I have a 1..* relationship between User and Post. (one user has many posts)
Post has a FK called "UserId", which maps to the "UserId" field on User table.
I tried to set this FK as Cascade UPDATE/DELETE, but i get this error:
'Users' table saved successfully 'Posts' table - Unable to create relationship 'FK_Posts_Users'.
Introducing FOREIGN KEY constraint 'FK_Posts_Users' on table 'Posts' may cause cycles or multiple cascade paths. Specify ON DELETE NO ACTION or ON UPDATE NO ACTION, or modify other FOREIGN KEY constraints. Could not create constraint. See previous errors.
I have a table called PostHelpful. One Post has many Helpful's.
Helpful has a cascading FK to User (so when a User is deleted, their Helpful's are also deleted).
But i think this is the cause of complaint for "multiple cascade paths".
Because if i delete a User (currently), it will delete their helpfuls. But im trying to add a cacade to Post also, do it would delete the Post, then try and delete the Helpful's for that Post (as Helpful also has a cascading FK to Post). In that scenario, which cascading FK would SQL choose?

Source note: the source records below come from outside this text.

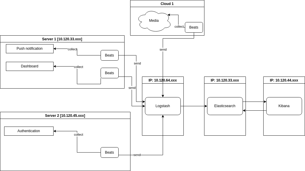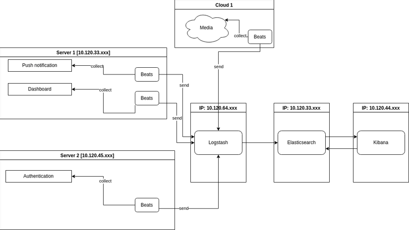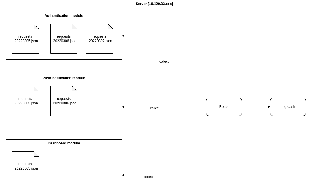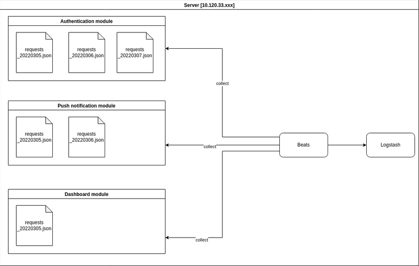 Như đã thấy, mỗi một máy chủ được cài đặt Beats. Mỗi module là 1 beat instance. Beat instance thu thập tất cả request log files trong module đã được khai báo trong file cấu hình (filebeat.yml). Và gửi chúng qua Logstash.
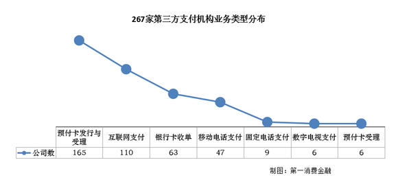 第一消费金融根据央行数据统计,267家第三方支付机构获得的支付牌照有着不同的业务类型,合计共406种。其中有165家获得预付卡发行与受理资质,110家获得互联网支付资质,63家获得银行卡收单资质,47家获得移动电话资质。前述四种累计业务资质占据总数的比例约为95%。
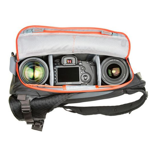 De Mindshift PhotoCross is leverbaar in drie formaten en twee kleuren, met fel oranje of steenkool grijze accenten. In de PhotoCross 13 past een DSLR zonder grip, met twee tot vier objectieven, inclusief een 70200mm f/2.8 en bijvoorbeeld een 13 Macbook.
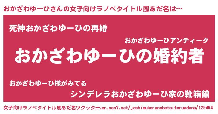 | 男性向けラノベタイトル風あだ名 | 『うちの娘の為ならば、俺はもしかしたらおかざわゆーひも倒せるかもしれない。』 |
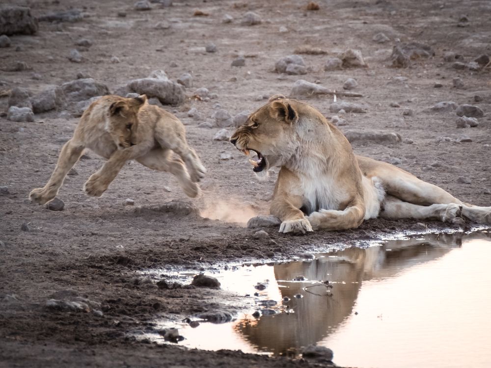 A lioness being a little annoyed by her cub.

Here is the database diagram of the three tables in question:
As you can see, "PostHelpful" is a child to both "Post" and "User" (has FK's to both).
So i can't make both keys cascading? Do i need a trigger on "Users" (AFTER DELETE) to manually delete the helpfuls (and other tables referencing User).
It's not a matter of which path will SQL Server choose, it does not allow it so that it won't wind up in a compromising position. When we ran into this situation, we had to resort to a trigger.
1) As the error message stated, change the Users_PostHelpfuls FK to ON DELETE NO ACTION.
2) Add an INSTEAD OF DELETE trigger to Users:
CREATE TRIGGER dbo.Users_IO_Delete
ON dbo.Users
INSTEAD OF DELETE
AS
BEGIN;
DELETE FROM dbo.PostHelpfuls WHERE UserId IN (SELECT UserId FROM deleted);
DELETE FROM dbo.Users WHERE UserId IN (SELECT UserId FROM deleted);
END;
Now, the FK will still enforce DRI, but the trigger is cascading the delete rather than the FK constraint.
You could replace PostHelpfuls with Posts in the above steps. But when doing this it's best to use the trigger to remove the less independent entity's records. In other words, it's more likely that Posts are related to tables beside Users and PostHelpfuls than PostHelpfuls is related to tables beside Users and Posts.